Lilian Yamileth Oliva Bardales, 19 years old, and her four-year-old son have been held in KarnesFamily Detention Center” since last October. She had applied for asylum, explaining that she had fled Honduras to escape an abusive ex-partner, six years older than she, who had beaten her regularly since she was 13. Her application was denied. Last Wednesday, she locked herself in a bathroom and cut her wrists. She was removed from the bathroom, held for four days under medical “supervision” during which she was denied access to her attorneys, and then, on Monday, suddenly moved from Karnes, presumably for deportation. From beginning to now, the treatment of Lilian Oliva Bardales has been a national disgrace.

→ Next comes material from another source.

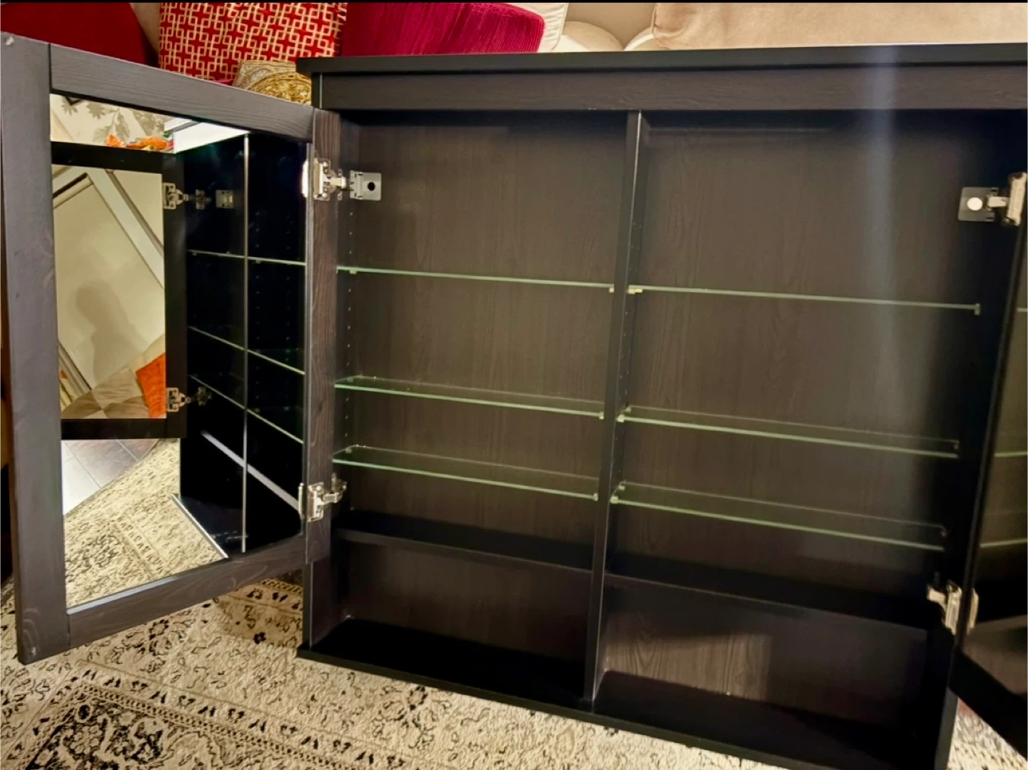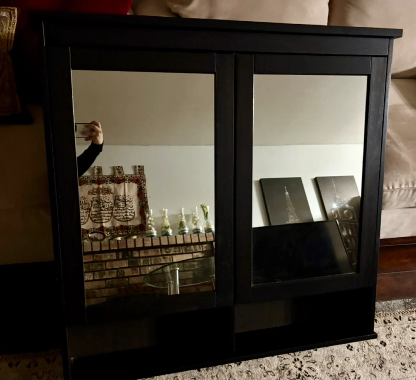 Beautiful modern wall-mounted cabinet with double mirrored doors. • Solid wood frame in sleek black finish • Adjustable tempered glass shelves inside (lots of storage space) • Can be wall-hung or used as a standing cabinet • Perfect for bathroom, hallway, or living room storage • Excellent condition, like new L= 38in W=40.5in D=5.5in

Oliva Bardales left a note, the translation of which reads, in part: “I write this letter so you know how it feels to be in this damn place for 8 months. You don’t understand that people’s lives have no price and you cannot buy it with money. You don’t have a heart for anybody. You just lie and humiliate all of us who have come to this country … I do this because only God knows what I have suffered in my country. I come here so this country can help me but here you’ve been killing me little by little with punishment and lies in prison when I haven’t committed any crime. What hurts me the most is that I saw how my brother was killed and how it’s hurt my son and all the abuse that we suffered in my country. You don’t believe me you never wanted to give me my freedom. I do this because I would rather be dead than seeing my son fail along with me. Maybe you are not fathers or mothers to understand the reasons and the suffering that we live in this place together with our children. You would not like to be locked up in a place like this the way we are here suffering with our children. What I tell you is that nobody lives forever in this world one day we are all going to die and give an account to God. I do this because I don’t feel any life going back to my country. That’s why I waited so long so you could take a decision on my case but you have treated us worse than an animal …That’s why I do this because you were bad to me and my son. We did not deserve this. now you want to deport me after spending 8 months here.”

That’s “family detention”. It is the place where mercy dies a slow, tortured, mean, evil death:

The quality of mercy is not strained;
It droppeth as the gentle rain from heaven
Upon the place beneath. It is twice blest;
It blesseth him that gives and him that takes:
‘T is mightiest in the mightiest; it becomes
The throned monarch better than his crown:
His sceptre shows the force of temporal power,
The attribute to awe and majesty,
Wherein doth sit the dread and fear of kings;
But mercy is above this sceptred sway;
It is enthronèd in the hearts of kings,
It is an attribute to God himself;
And earthly power doth then show likest God’s
When mercy seasons justice.”

When mercy seasons justice. When degradation, abuse, torture and despair season the appeal for asylum … what then? Where are Lilian Oliva Bardales and her four-year-old son?